Records follow. Print exactly the lines from the one that has "西の谷〜西の尾根と快適に滑降" through the one that has "鍵付きの屋外用物置です。サイ", inclusive, and omit the pictures.

*Data section*
++++++

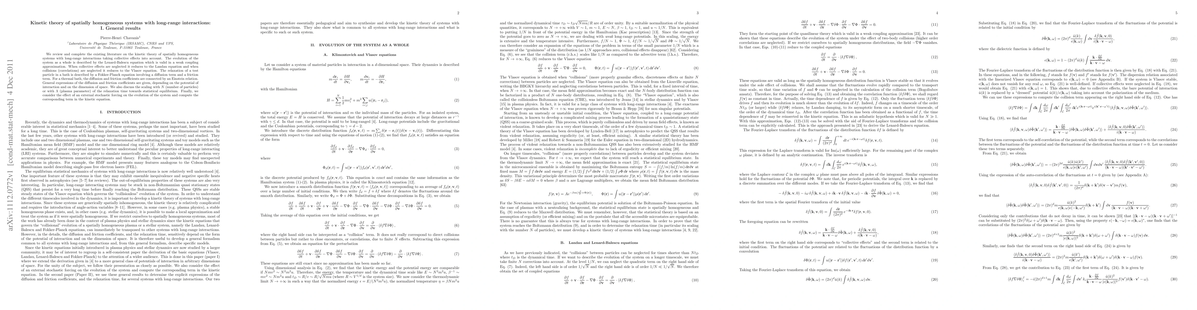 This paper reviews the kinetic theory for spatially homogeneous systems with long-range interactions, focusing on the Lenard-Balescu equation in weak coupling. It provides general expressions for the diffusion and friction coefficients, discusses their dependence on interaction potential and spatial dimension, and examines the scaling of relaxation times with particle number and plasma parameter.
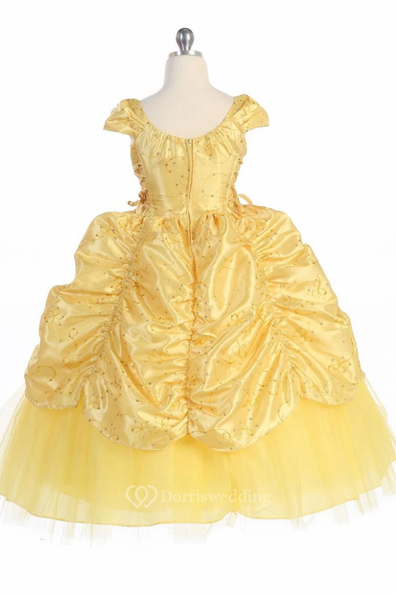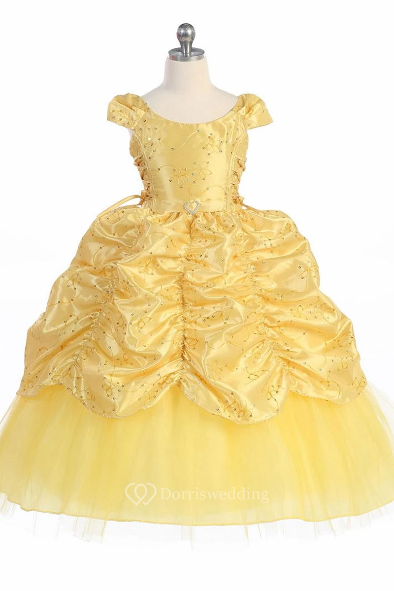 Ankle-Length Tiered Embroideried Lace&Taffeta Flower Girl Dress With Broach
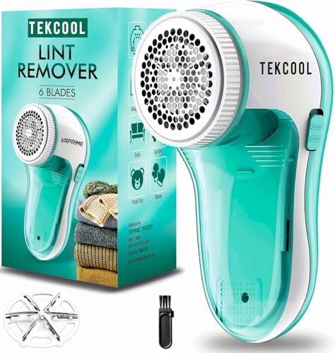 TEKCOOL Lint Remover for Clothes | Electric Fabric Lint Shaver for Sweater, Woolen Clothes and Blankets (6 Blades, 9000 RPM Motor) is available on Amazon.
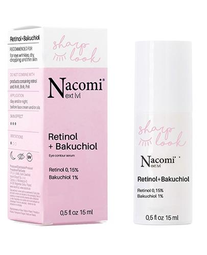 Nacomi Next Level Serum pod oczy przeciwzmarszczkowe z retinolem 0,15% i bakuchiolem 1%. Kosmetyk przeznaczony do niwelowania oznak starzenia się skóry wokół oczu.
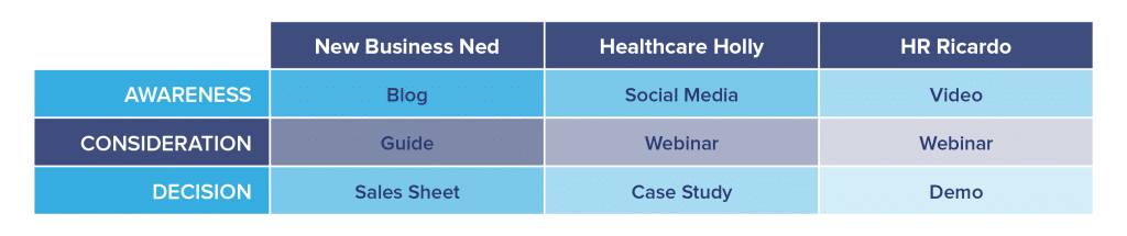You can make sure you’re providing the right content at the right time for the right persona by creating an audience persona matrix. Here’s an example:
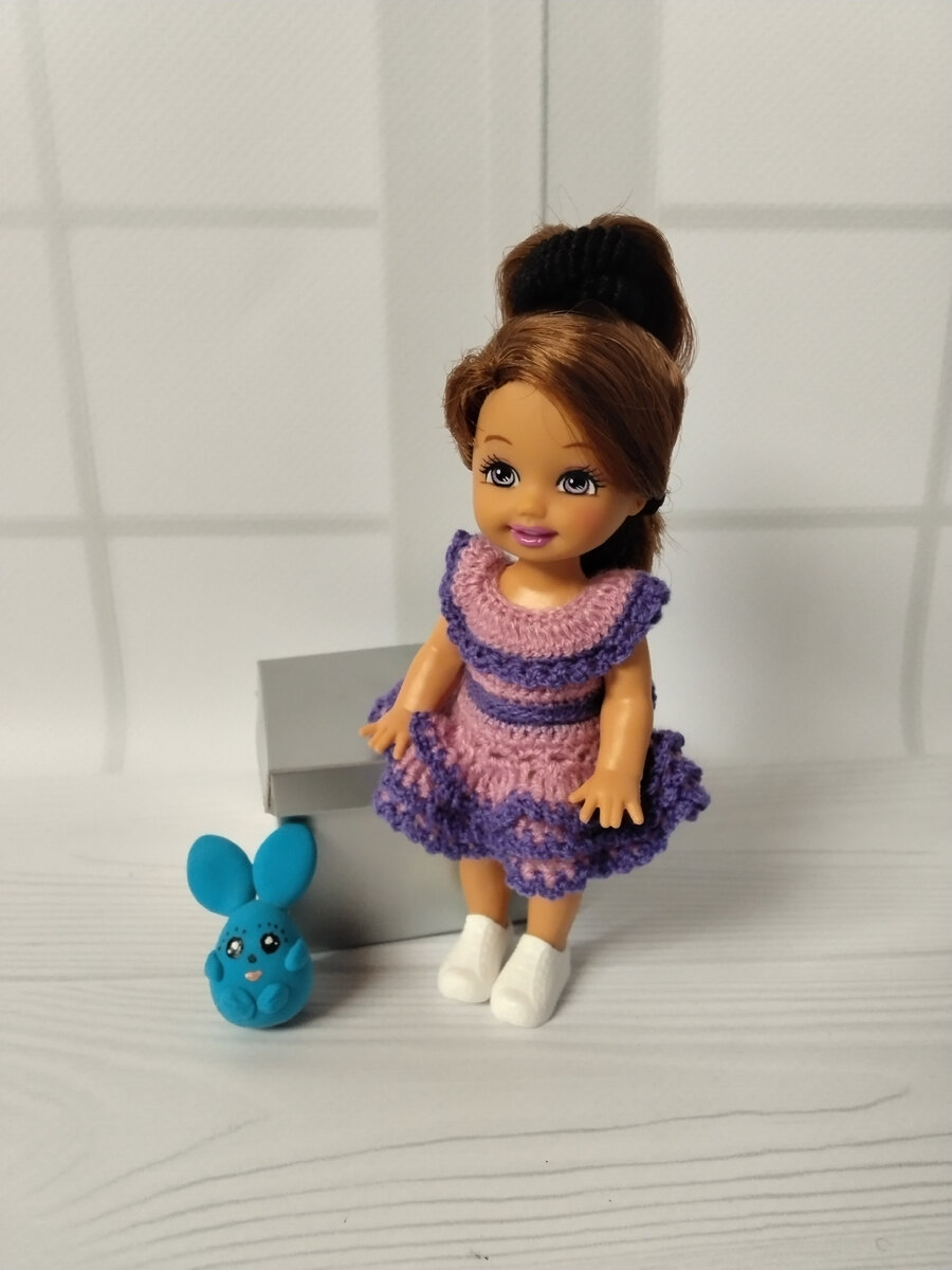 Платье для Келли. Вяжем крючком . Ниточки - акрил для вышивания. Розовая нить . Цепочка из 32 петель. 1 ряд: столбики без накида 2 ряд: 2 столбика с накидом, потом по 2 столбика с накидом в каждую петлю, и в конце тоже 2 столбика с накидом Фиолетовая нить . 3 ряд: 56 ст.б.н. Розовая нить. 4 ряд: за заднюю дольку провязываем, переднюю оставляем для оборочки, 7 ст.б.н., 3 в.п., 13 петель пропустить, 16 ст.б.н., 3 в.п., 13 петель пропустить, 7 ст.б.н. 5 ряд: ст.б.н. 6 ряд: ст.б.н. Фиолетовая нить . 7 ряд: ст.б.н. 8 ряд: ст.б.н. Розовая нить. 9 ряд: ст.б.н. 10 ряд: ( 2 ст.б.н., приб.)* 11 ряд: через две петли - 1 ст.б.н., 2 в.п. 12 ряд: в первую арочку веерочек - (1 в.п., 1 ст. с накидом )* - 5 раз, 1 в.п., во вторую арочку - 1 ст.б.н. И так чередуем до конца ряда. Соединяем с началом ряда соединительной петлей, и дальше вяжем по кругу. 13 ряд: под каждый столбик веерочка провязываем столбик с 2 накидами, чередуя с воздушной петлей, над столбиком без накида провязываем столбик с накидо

++++++

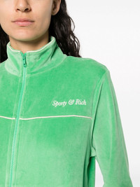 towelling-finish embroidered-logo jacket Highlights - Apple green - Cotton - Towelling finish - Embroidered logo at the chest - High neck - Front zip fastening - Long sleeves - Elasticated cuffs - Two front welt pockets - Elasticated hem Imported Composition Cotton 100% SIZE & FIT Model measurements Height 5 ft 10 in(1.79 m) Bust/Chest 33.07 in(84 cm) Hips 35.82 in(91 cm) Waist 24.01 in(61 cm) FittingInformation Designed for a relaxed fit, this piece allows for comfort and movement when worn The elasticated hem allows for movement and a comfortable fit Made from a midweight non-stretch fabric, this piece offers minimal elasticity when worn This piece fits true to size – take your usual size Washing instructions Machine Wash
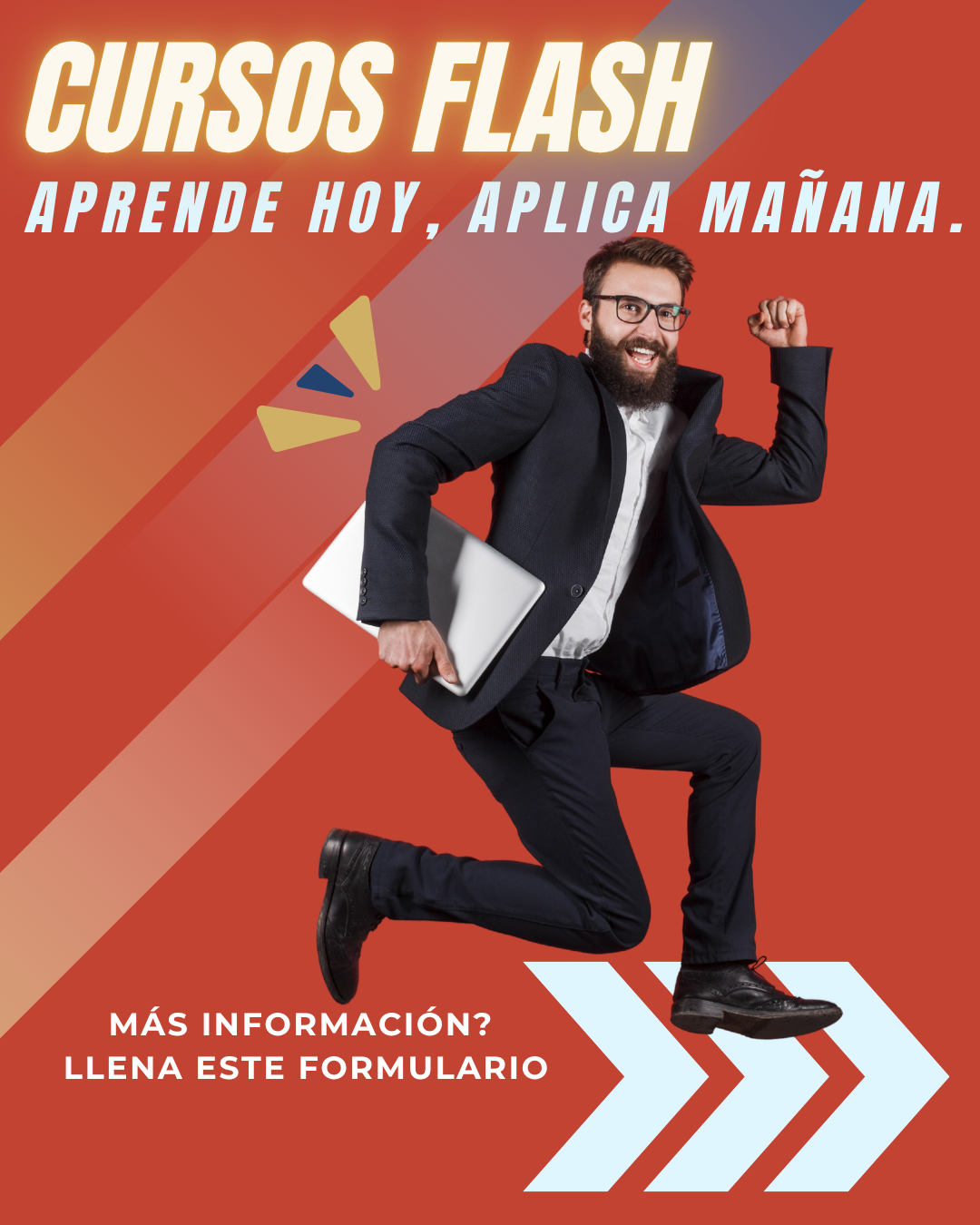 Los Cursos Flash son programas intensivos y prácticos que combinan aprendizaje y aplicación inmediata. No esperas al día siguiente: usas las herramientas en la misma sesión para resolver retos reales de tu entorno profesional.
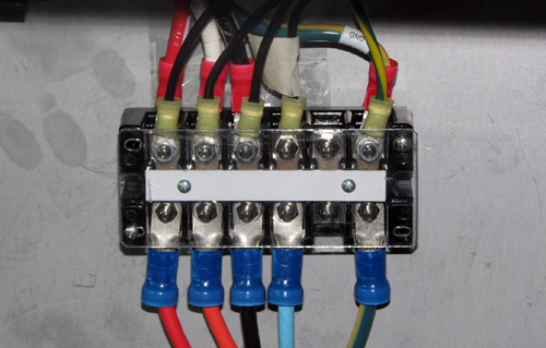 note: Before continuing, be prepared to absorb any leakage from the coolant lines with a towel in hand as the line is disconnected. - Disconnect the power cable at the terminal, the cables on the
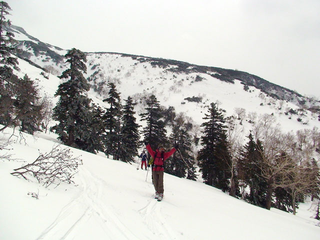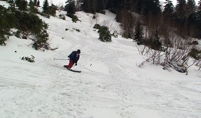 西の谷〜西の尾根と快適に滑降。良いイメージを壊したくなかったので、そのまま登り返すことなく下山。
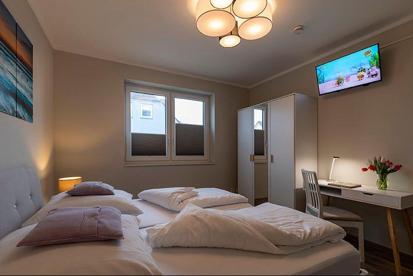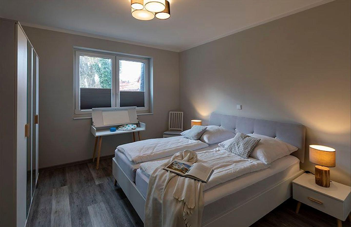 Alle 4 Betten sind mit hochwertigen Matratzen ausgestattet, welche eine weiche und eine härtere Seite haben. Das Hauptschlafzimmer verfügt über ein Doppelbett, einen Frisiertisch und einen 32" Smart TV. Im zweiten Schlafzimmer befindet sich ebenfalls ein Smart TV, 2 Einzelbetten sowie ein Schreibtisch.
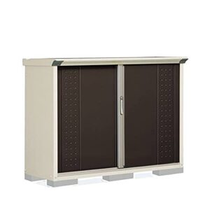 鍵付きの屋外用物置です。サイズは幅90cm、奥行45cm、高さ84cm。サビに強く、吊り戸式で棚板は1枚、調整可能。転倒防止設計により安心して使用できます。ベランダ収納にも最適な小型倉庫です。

++++++

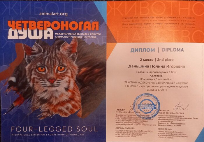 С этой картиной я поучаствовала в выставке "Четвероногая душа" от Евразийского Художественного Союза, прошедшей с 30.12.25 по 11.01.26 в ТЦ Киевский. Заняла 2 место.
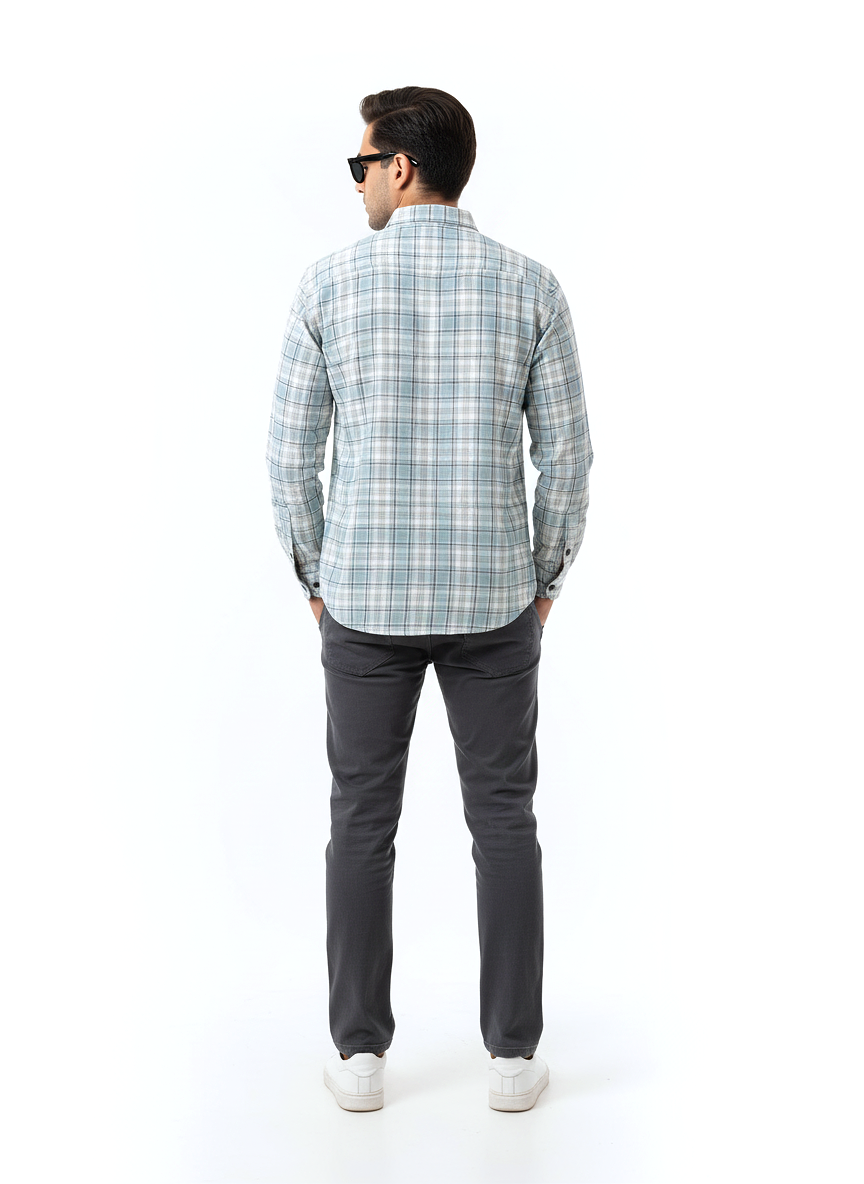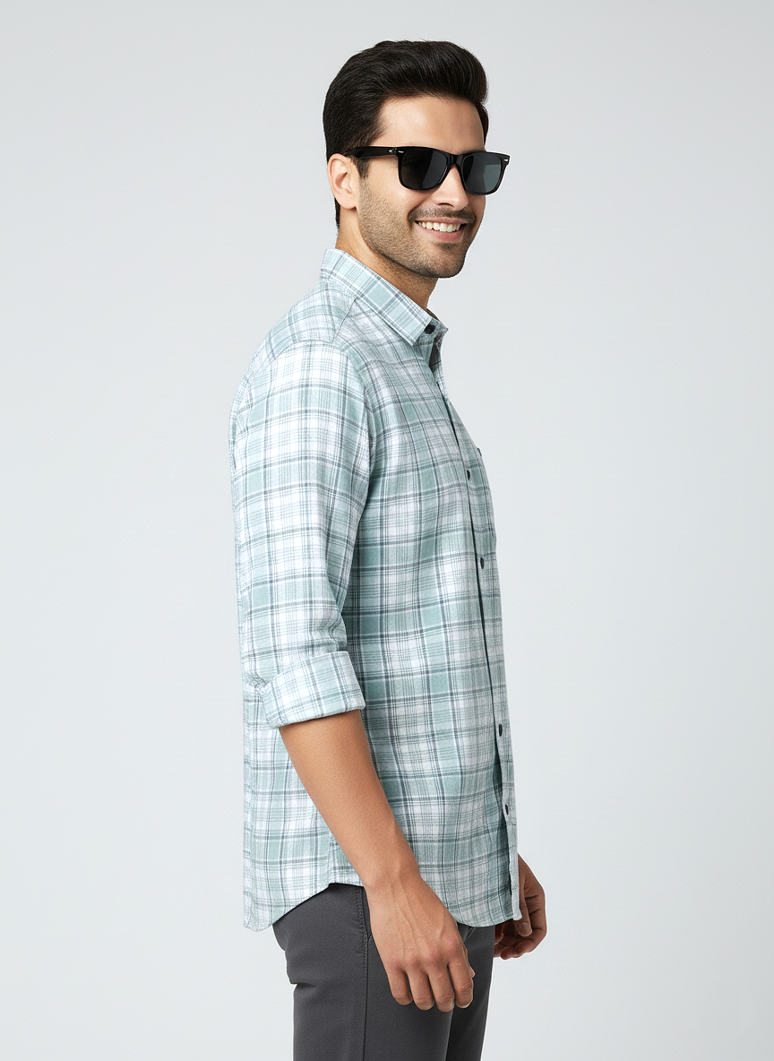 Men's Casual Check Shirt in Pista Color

++++++

*The answer*
 西の谷〜西の尾根と快適に滑降。良いイメージを壊したくなかったので、そのまま登り返すことなく下山。
 Alle 4 Betten sind mit hochwertigen Matratzen ausgestattet, welche eine weiche und eine härtere Seite haben. Das Hauptschlafzimmer verfügt über ein Doppelbett, einen Frisiertisch und einen 32" Smart TV. Im zweiten Schlafzimmer befindet sich ebenfalls ein Smart TV, 2 Einzelbetten sowie ein Schreibtisch.
 鍵付きの屋外用物置です。サイズは幅90cm、奥行45cm、高さ84cm。サビに強く、吊り戸式で棚板は1枚、調整可能。転倒防止設計により安心して使用できます。ベランダ収納にも最適な小型倉庫です。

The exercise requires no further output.